Before printing, remove every picture; then print the lines below exactly, from the first line through the line containing "Voor heren Trui".

■ **Information supplied**
=== Begin Enclosure ===

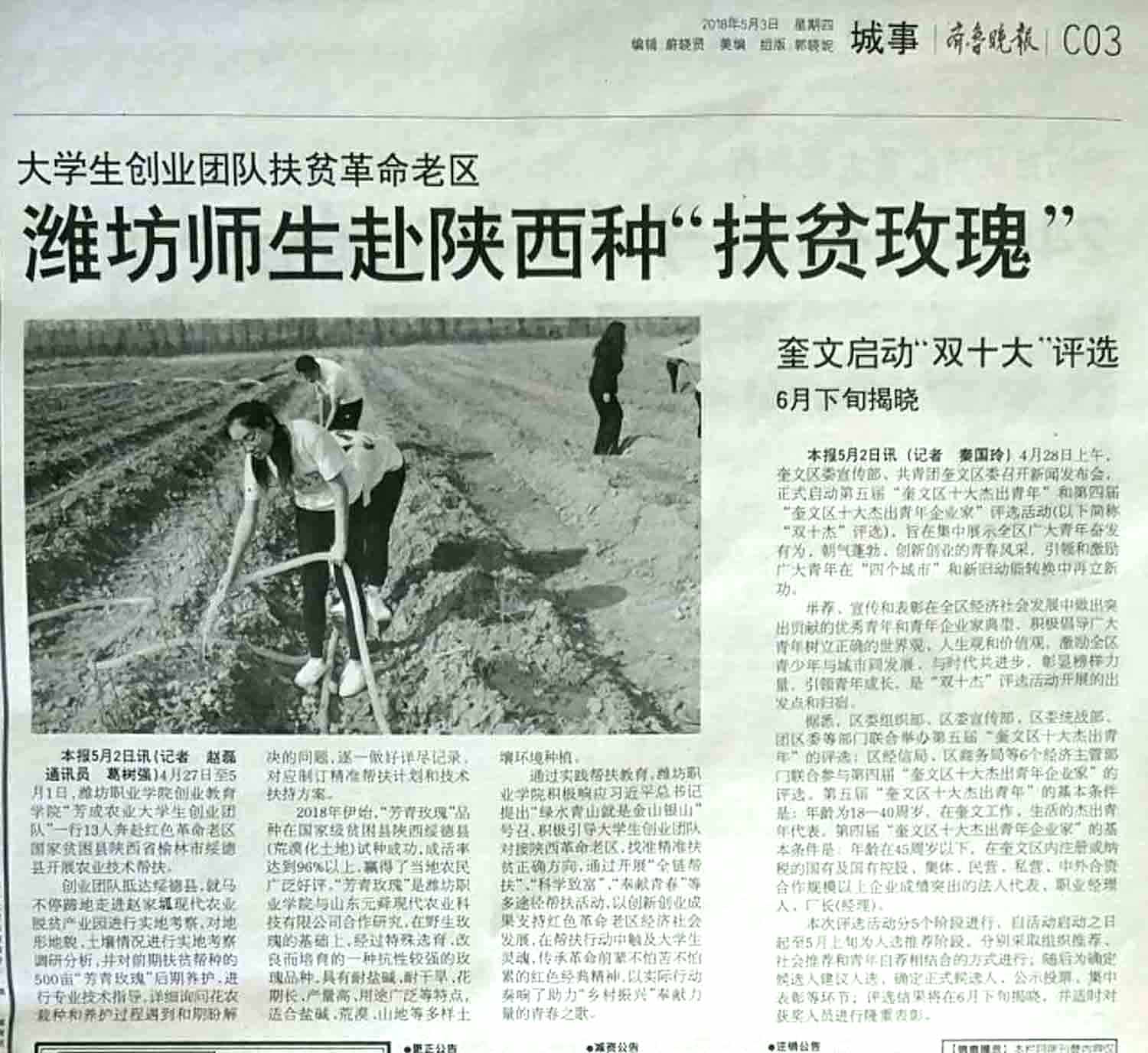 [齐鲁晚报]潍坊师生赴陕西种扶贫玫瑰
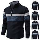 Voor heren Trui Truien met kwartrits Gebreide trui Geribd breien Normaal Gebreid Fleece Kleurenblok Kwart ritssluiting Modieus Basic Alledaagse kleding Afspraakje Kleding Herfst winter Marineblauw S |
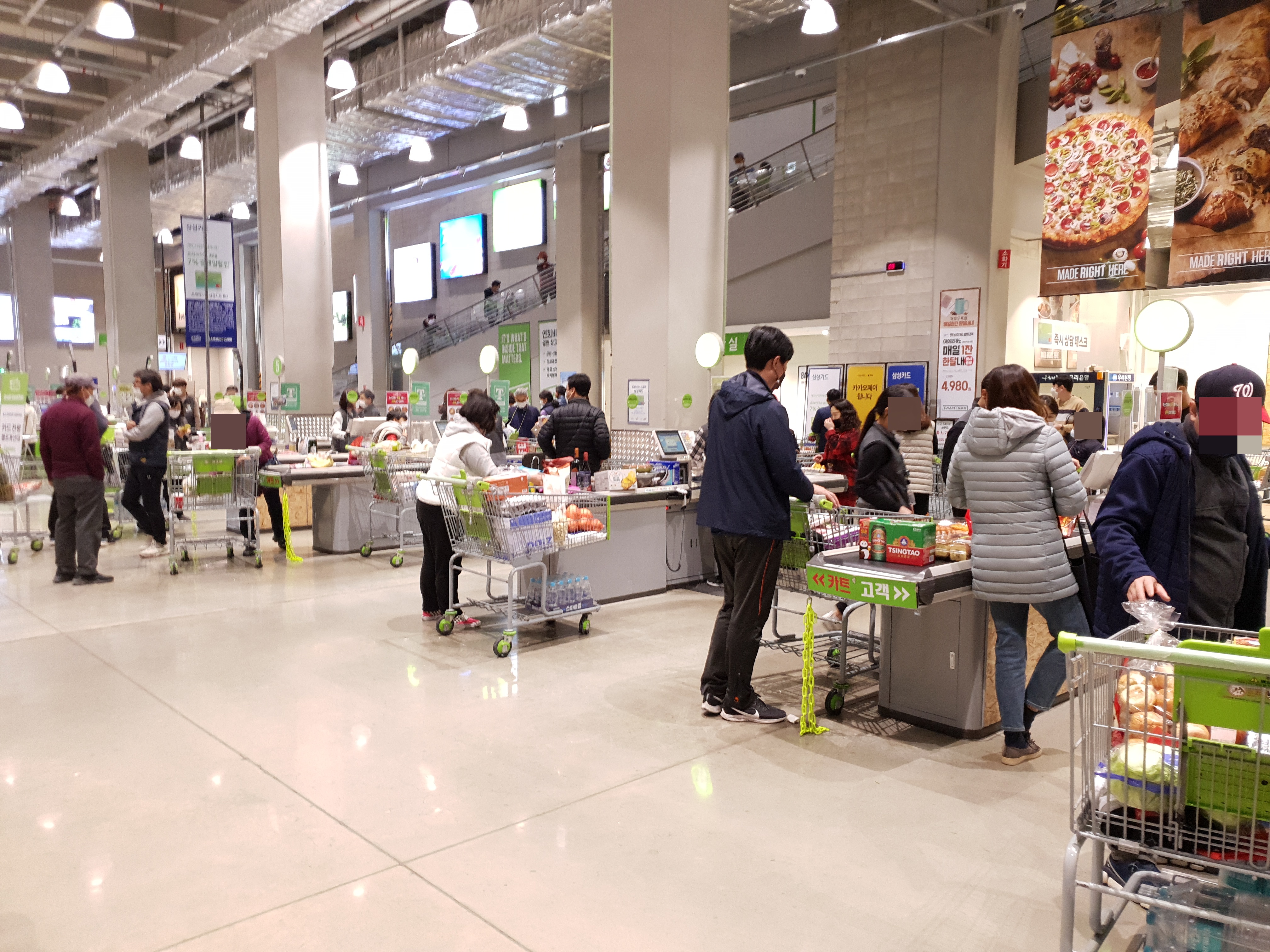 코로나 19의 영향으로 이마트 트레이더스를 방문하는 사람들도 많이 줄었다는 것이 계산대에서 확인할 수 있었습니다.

=== End Enclosure ===

■ **Response to this exercise**
 [齐鲁晚报]潍坊师生赴陕西种扶贫玫瑰
 Voor heren Trui Truien met kwartrits Gebreide trui Geribd breien Normaal Gebreid Fleece Kleurenblok Kwart ritssluiting Modieus Basic Alledaagse kleding Afspraakje Kleding Herfst winter Marineblauw S |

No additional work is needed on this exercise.